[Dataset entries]
☆ ☆ ☆ ☆ ☆ ☆ ☆
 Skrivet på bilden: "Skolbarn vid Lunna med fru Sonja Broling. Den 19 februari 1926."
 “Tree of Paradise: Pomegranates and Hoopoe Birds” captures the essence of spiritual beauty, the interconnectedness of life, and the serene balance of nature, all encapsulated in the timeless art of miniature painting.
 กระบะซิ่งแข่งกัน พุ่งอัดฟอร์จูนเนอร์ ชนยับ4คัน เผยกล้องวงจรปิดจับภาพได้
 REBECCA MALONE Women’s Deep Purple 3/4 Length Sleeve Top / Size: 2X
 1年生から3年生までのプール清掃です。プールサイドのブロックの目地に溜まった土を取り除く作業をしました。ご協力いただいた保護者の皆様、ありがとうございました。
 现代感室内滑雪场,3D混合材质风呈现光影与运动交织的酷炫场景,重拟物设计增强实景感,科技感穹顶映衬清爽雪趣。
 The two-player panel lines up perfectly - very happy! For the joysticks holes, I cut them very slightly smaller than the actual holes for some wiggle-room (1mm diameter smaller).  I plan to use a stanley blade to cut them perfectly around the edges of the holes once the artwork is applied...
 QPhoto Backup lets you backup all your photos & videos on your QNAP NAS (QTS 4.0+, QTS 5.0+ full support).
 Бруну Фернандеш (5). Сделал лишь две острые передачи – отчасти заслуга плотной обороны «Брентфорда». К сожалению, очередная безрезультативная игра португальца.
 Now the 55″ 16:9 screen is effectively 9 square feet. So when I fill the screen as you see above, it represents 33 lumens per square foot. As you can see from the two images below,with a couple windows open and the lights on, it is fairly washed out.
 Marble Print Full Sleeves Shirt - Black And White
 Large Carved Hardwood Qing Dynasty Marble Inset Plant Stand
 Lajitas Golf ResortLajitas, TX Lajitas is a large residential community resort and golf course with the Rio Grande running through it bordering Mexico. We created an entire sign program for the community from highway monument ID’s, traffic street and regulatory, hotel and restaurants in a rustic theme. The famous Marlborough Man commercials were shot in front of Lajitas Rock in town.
☆ ☆ ☆ ☆ ☆ ☆ ☆
| Task to carry out |
Write out again exactly the lines that run from the one holding "REBECCA MALONE Women’s" through the last line of the data; omit all other lines.

| Reply to the exercise |
 REBECCA MALONE Women’s Deep Purple 3/4 Length Sleeve Top / Size: 2X
 1年生から3年生までのプール清掃です。プールサイドのブロックの目地に溜まった土を取り除く作業をしました。ご協力いただいた保護者の皆様、ありがとうございました。
 现代感室内滑雪场,3D混合材质风呈现光影与运动交织的酷炫场景,重拟物设计增强实景感,科技感穹顶映衬清爽雪趣。
 The two-player panel lines up perfectly - very happy! For the joysticks holes, I cut them very slightly smaller than the actual holes for some wiggle-room (1mm diameter smaller).  I plan to use a stanley blade to cut them perfectly around the edges of the holes once the artwork is applied...
 QPhoto Backup lets you backup all your photos & videos on your QNAP NAS (QTS 4.0+, QTS 5.0+ full support).
 Бруну Фернандеш (5). Сделал лишь две острые передачи – отчасти заслуга плотной обороны «Брентфорда». К сожалению, очередная безрезультативная игра португальца.
 Now the 55″ 16:9 screen is effectively 9 square feet. So when I fill the screen as you see above, it represents 33 lumens per square foot. As you can see from the two images below,with a couple windows open and the lights on, it is fairly washed out.
 Marble Print Full Sleeves Shirt - Black And White
 Large Carved Hardwood Qing Dynasty Marble Inset Plant Stand
 Lajitas Golf ResortLajitas, TX Lajitas is a large residential community resort and golf course with the Rio Grande running through it bordering Mexico. We created an entire sign program for the community from highway monument ID’s, traffic street and regulatory, hotel and restaurants in a rustic theme. The famous Marlborough Man commercials were shot in front of Lajitas Rock in town.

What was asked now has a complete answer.